YOUR GOAL »
Return the lines of the data below, from the one containing "Treten Sie ein, das" through the very last, exactly and with both ends included; no pictures.

PROVIDED ENTRIES »
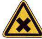
Ártalmas vagy ingerítő anyag
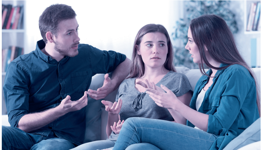
Kommt es zum Streit zwischen den Erben, muss der Willensvollstrecker schlichten.

Der Willensvollstrecker setzt den letzten Willen des Erblassers um. Dafür stellt er als Erstes ein Inventar auf, das er laufend nachführt. Er verwaltet die Erbschaft bis zur Teilung und muss darauf achten, dass das Vermögen erhalten bleibt. Er bezahlt die Schulden des Erblassers inklusive der Todesfallkosten und treibt offene Forderungen ein. Zur Verwaltung gehören auch die laufenden Geschäfte, beispielsweise muss er sich um den Unterhalt von Liegenschaften kümmern, laufende Verträge kündigen oder allenfalls die Liquidation einer Einzelunternehmung umsetzen. Er ist verantwortlich für die Erstellung der
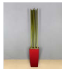
Hochgefäß 05 L 40 x B 40 / H 75 cm – mit Bambusstangen
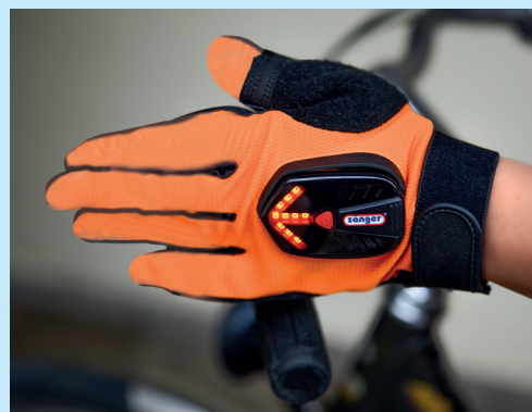
LED Leuchtpfeil an
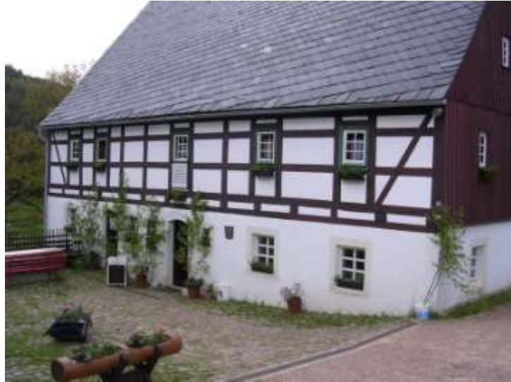
Abb.: Müllermühle mit Glocke Weicheltmühle

An der Weicheltmühle kann man die Tour abbrechen und über den Steilaufstieg zur Kammstraße und Reichenau aufsteigen. An der Bank (siehe Reichenautour) kann man dann wählen, wie man nach Frauenstein zurück möchte – Wegstrecke 10-16km.
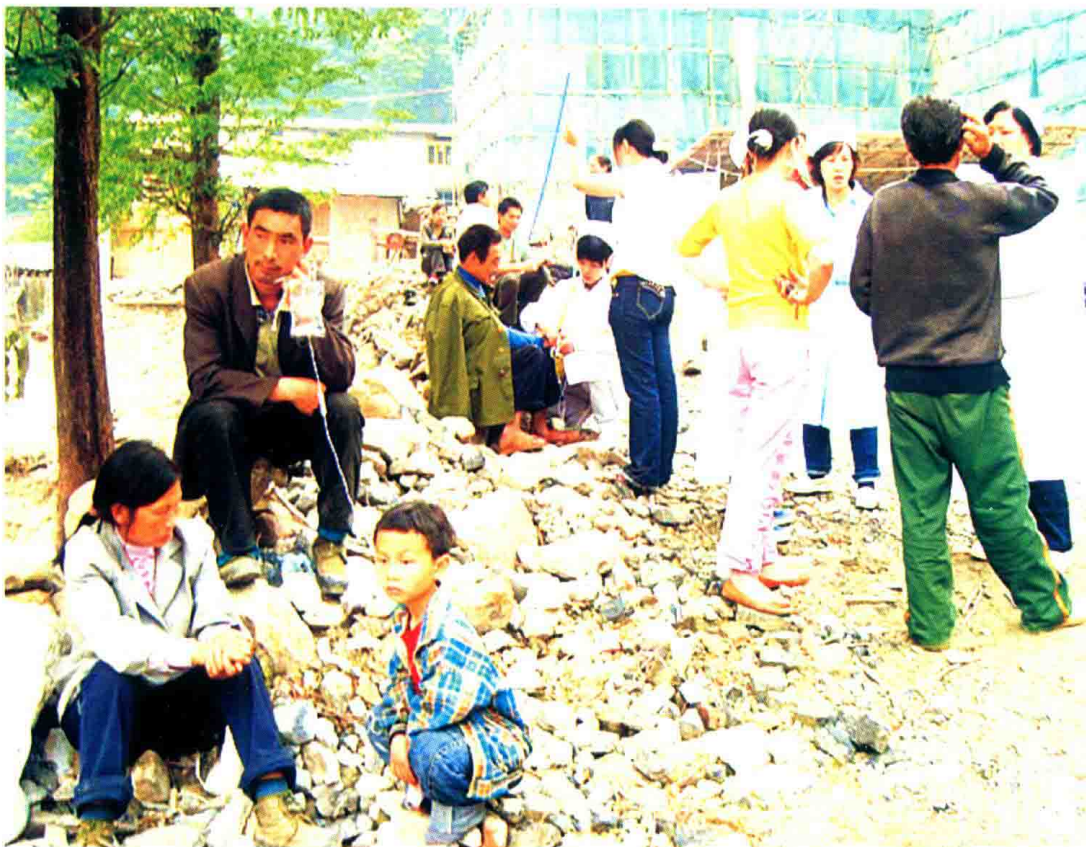
县医院转移住院病人
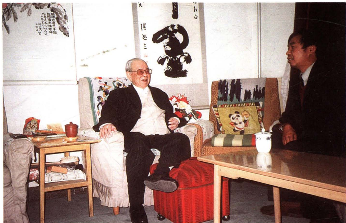
1998年11月24日，全国人大原副委员长廖汉生将军在北京住所接见来自娄烦县的李国成等同志，向他们介绍娄烦县的抗日战争史。
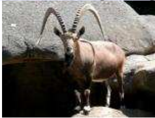
Nubischer Steinbock – Capra ibex nubiana
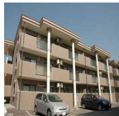
リングマンション [2LDK] [本郷北方]
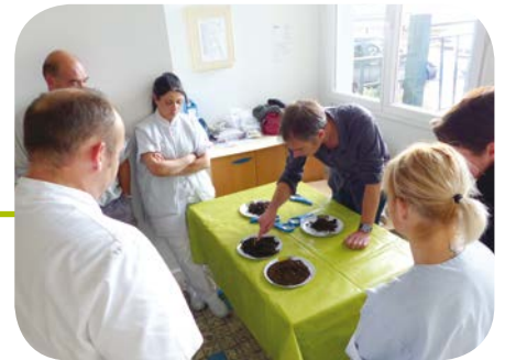
Formation du personnel de cuisine par un maître composteur à l'école d'Aulnat
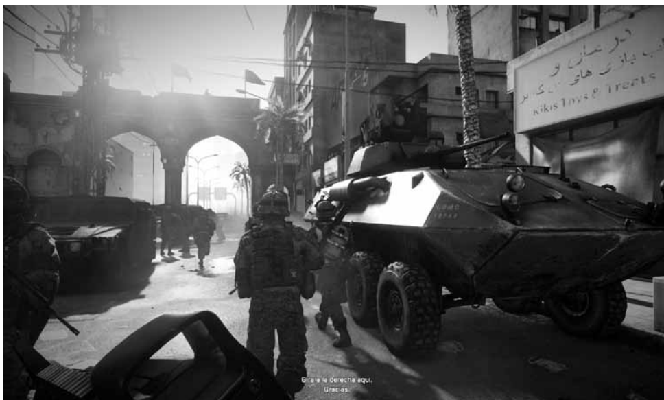
Ilustración 10.— Battlefield 3 . Patrullando por las calles de Bagdad.

a la contestación con las mismas armas, nunca mejor dicho. Se realizó por parte del régimen iraní, a través de la Fundación Nacional de Irán para los Videojuegos, un título donde se atacaba Tel Aviv. Lo peculiar es que ese mismo modelo de “enemigo declarado” se refleja también en esa réplica, pues el estado israelí nada tiene que ver con la empresa desarrolladora Electronic Arts . Por supuesto que Battlefield 3 fue prohibido por las autoridades del país islámico e incluso hubo movimientos para prohibir su evolución como multijugador en la red. Se debate y combate también en el videojuego, a manera de una nueva Guerra Fría. Baste recordar que el Sindicato de las Asociaciones Islámicas para Alumnos iraní, como respuesta a un título previo denominado Asalto en Irán , que representaba un ataque estadounidense a instalaciones nucleares iraníes, desarrollaron Rescate del científico Nuke . Actualidad simulada, o reflejo digital de un tiempo posible.
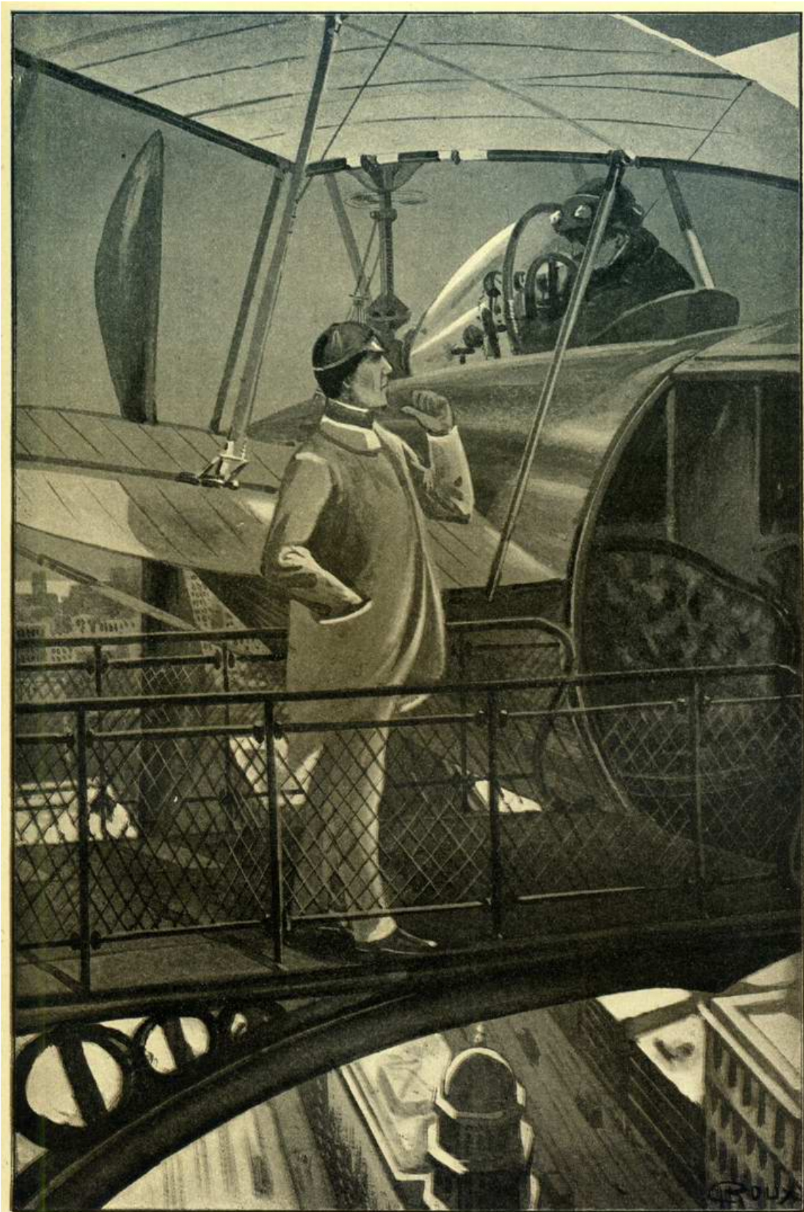
« OU VA MONSIEUR ? » DEMANDA L'AÉRO-COACHMAN. (Page 193.)
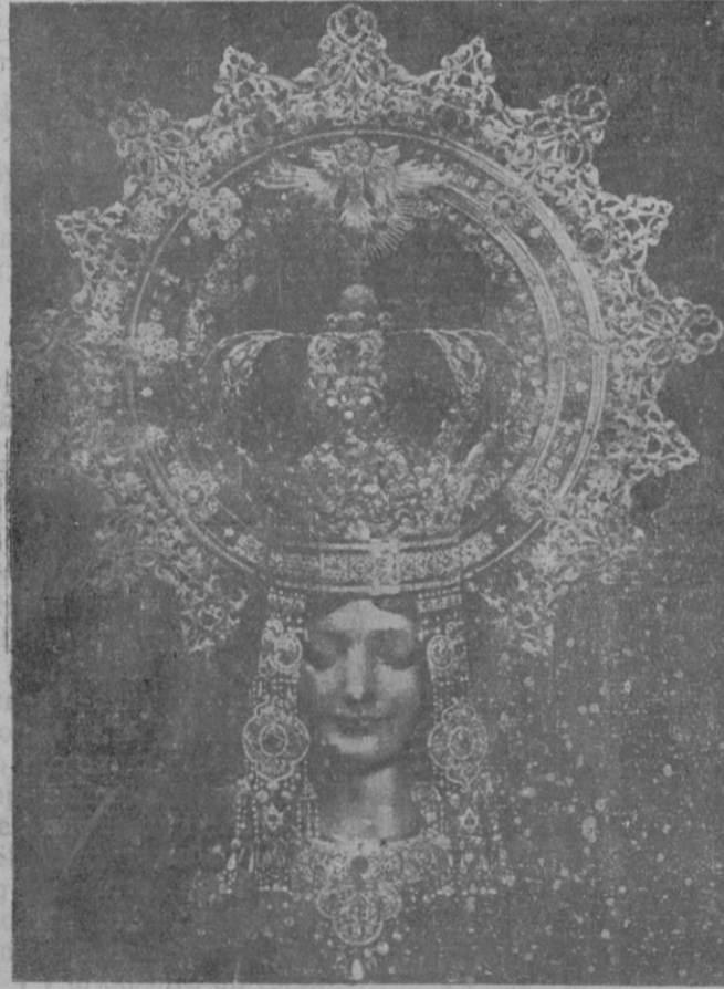
La imagen de la Virgen con la valiosísima corona de oro, platino y piedras preciosas, cuyo detalle publicamos días pasados

naba al trono de Rusia, que debía heredar el gran duque Nicolás. El enamoramiento de la bella Dagmar presagiaba un hogar feliz, «rara avis» en las parejas imperiales rusas, temerosas del nihilismo y sometidas al inquisitorial influjo de los procuradores del Santo Sinodo. Pero el matrimonio se frustró. El gran duque Nicolás murió, de muerte natural, a los veintidós años, y la princesa Dagmar se prometió, por consejo de su padre, el emperador coleccionista de coronas, al nuevo heredero, el gran duque Alejandro.
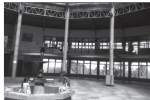
Mercado Presidente Ibáñez de Puerto Montt

La idea es que este grupo de ferias mode-
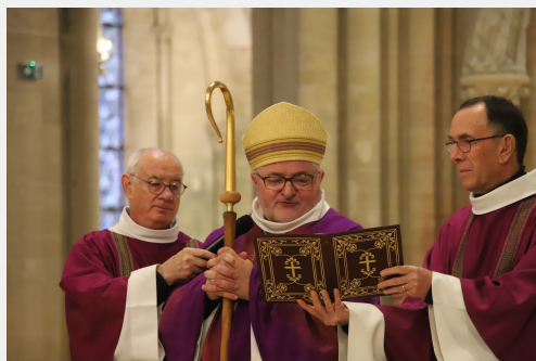
Appel décisif 2024
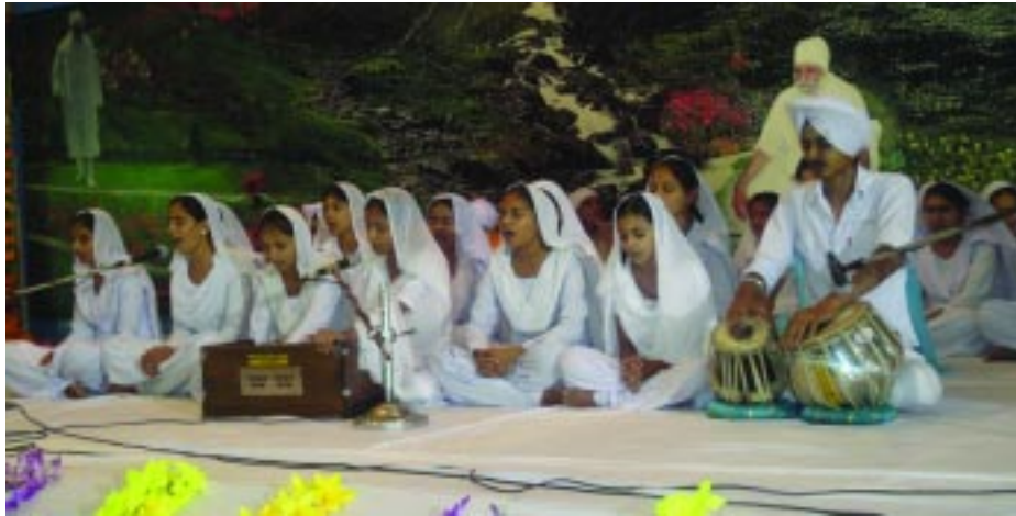
ਗੁਰੂ ਗੋਬਿੰਦ ਸਿੰਘ ਵਿਦਿਆ ਮੰਦਰ ਸੀਨੀਅਰ ਸੈਕੰਡਰੀ ਸਕੂਲ ਦੇ ਬੱਚੇ 17 ਜੂਨ ਨੂੰ ਸ਼ਬਦ ਕੀਰਤਨ ਰਾਹੀਂ ਨਿਹਾਲ ਕਰਦੇ ਹੋਏ।

ਇਹ ਇਕ ਬਹੁਤ ਵੱਡੀ ਸਫਲਤਾ ਸੀ ਜਿਸ ਦੇ ਸਿੱਟੇ ਵੱਜੋਂ ਇਨ੍ਹਾਂ ਨੂੰ ਸਿੱਖੀ ਨਾਲ ਐਤਨਾ ਪਿਆਰ ਹੋਇਆ ਕਿ ਮਹਾਂਪੁਰਖਾਂ ਨੂੰ ਸਮਾਗਮਾਂ ਵਿੱਚ ਸ਼ਾਮਲ ਦੇਣ ਵਾਲੇ ਪ੍ਰੇਮੀਆਂ ਲਈ 1000x240 ਫੁੱਟ ਦੇ ਮਹਾਨ ਪੰਡਾਲ ਹਰ ਸਾਲ ਲਾਉਣੇ ਪਏ। 300x180 ਫੁੱਟ ਦੇ ਵਿਸ਼ਾਲ ਪੰਡਾਲ ਲੰਗਰ ਛਕਣ ਵਾਲਿਆਂ ਲਈ ਲਾਉਣੇ ਪਏ ਜਿਥੇ
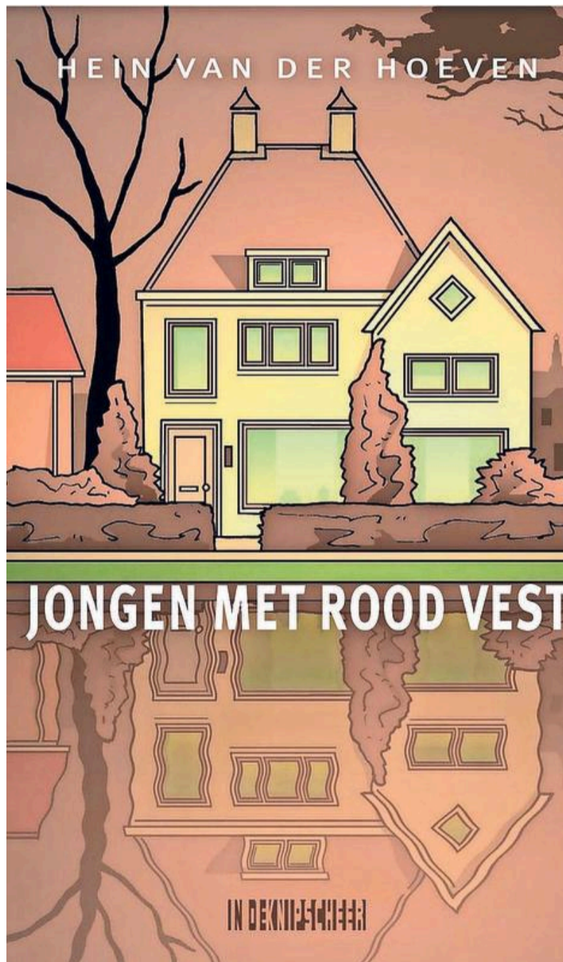
Boekomslag 'Jongen met rood vest'

De roman bevat geen autobiografische elementen, behalve dan de plaats waar de schrijver geboren is. Haarlem komt er uitgebreid in
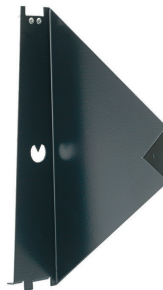
Simple aiming device
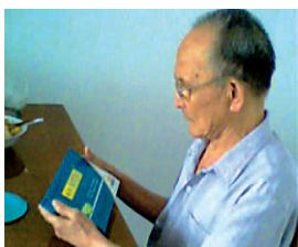
了高科技生物制剂“国科活心活”,五步一体科学疗法让

长期以来,心脏病病人有两大苦恼:一是长年吃药之苦,药越吃越多,病越来越重;二是手术支架搭桥费用高、风险大。北京一位78岁离休老干部患冠心病18年,天天吃药,还做了冠脉支架手术,钱也花了,罪也受了,但术后两年再次发病。服用
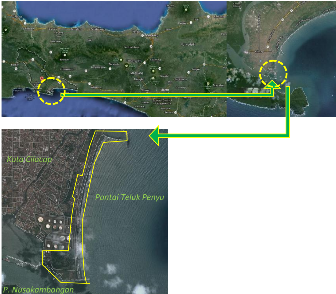
Gambar 19 Peta Lokasi Pantai Teluk Peny

Pantai Teluk Peny terletak di Kota Cilacap, kota yang terletak di selatan Jawa Tengah.
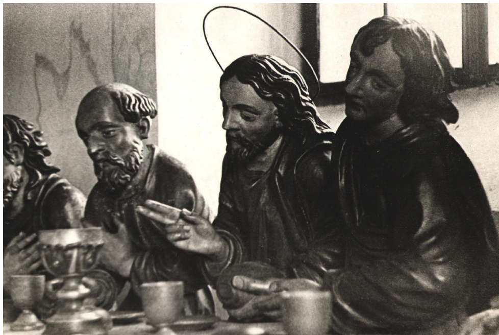
Původní sochy v kapli Poslední večeře, foto před r. 1940

Velikonoce, které jsou těmi největšími svátky celého roku, oslavíme letos opět s modlitbami paši-
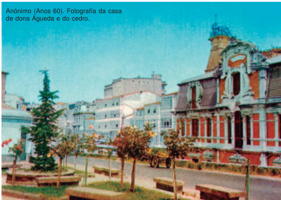
Anónimo (Anos 60). Fotografía da casa de dona Águeda e do cedro.
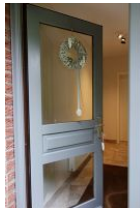
Treten Sie ein, das neu gestaltete Haus Neshörn erwartet Sie ....
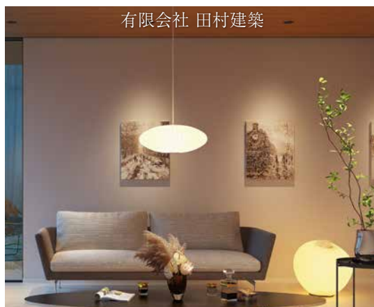
有限会社 田村建築
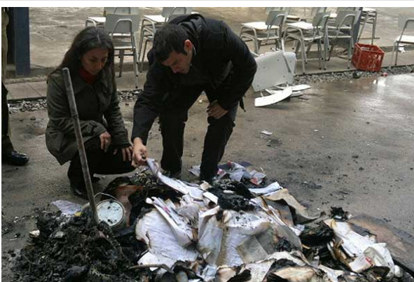
El alcalde de Estación Central, Rodrigo Delgado, lamentó los daños en el recinto educacional.
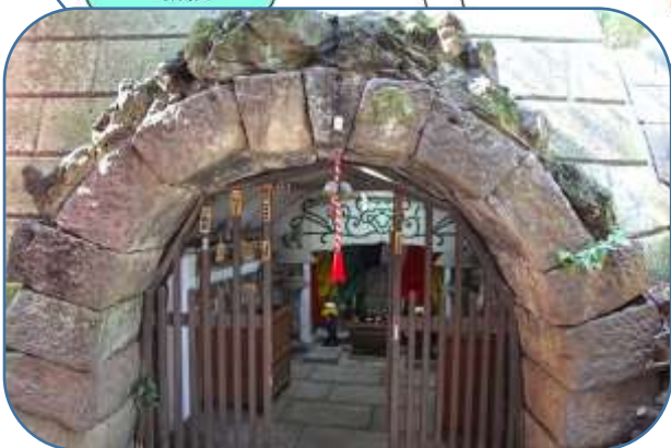
ばん龍寺・岩屋弁財天
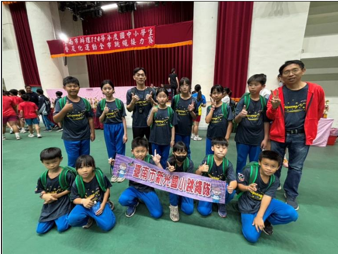
說明：參加健康促進系列活動-臺南市114學年度中小學普及化運動-跳繩接力賽1
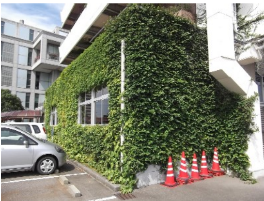
本庁舎壁面のアイビー
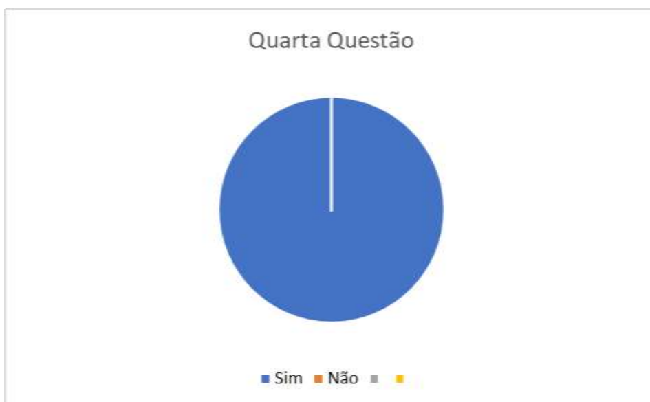
Gráfico (Pie): Respostas encontradas como resultados da quarta questão.
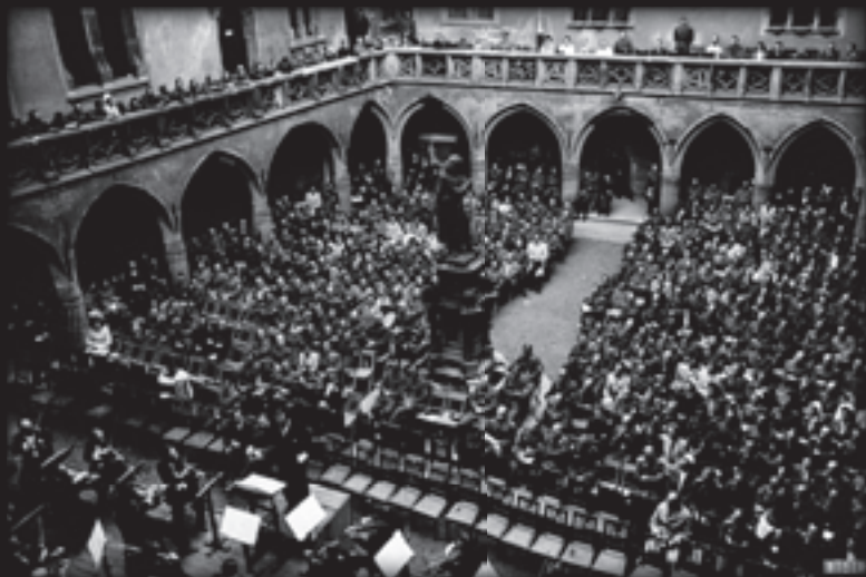
Koncert orkiestry Filharmonii GG na dziedzińcu Collegium Maius, wrzesień 1944 r.

A GG philharmonic concert in the court of Collegium Maius, September 1944

OUTPUT BELOW »
Treten Sie ein, das neu gestaltete Haus Neshörn erwartet Sie ....
有限会社 田村建築
El alcalde de Estación Central, Rodrigo Delgado, lamentó los daños en el recinto educacional.
ばん龍寺・岩屋弁財天
說明：參加健康促進系列活動-臺南市114學年度中小學普及化運動-跳繩接力賽1
本庁舎壁面のアイビー
Gráfico (Pie): Respostas encontradas como resultados da quarta questão.
Koncert orkiestry Filharmonii GG na dziedzińcu Collegium Maius, wrzesień 1944 r.

A GG philharmonic concert in the court of Collegium Maius, September 1944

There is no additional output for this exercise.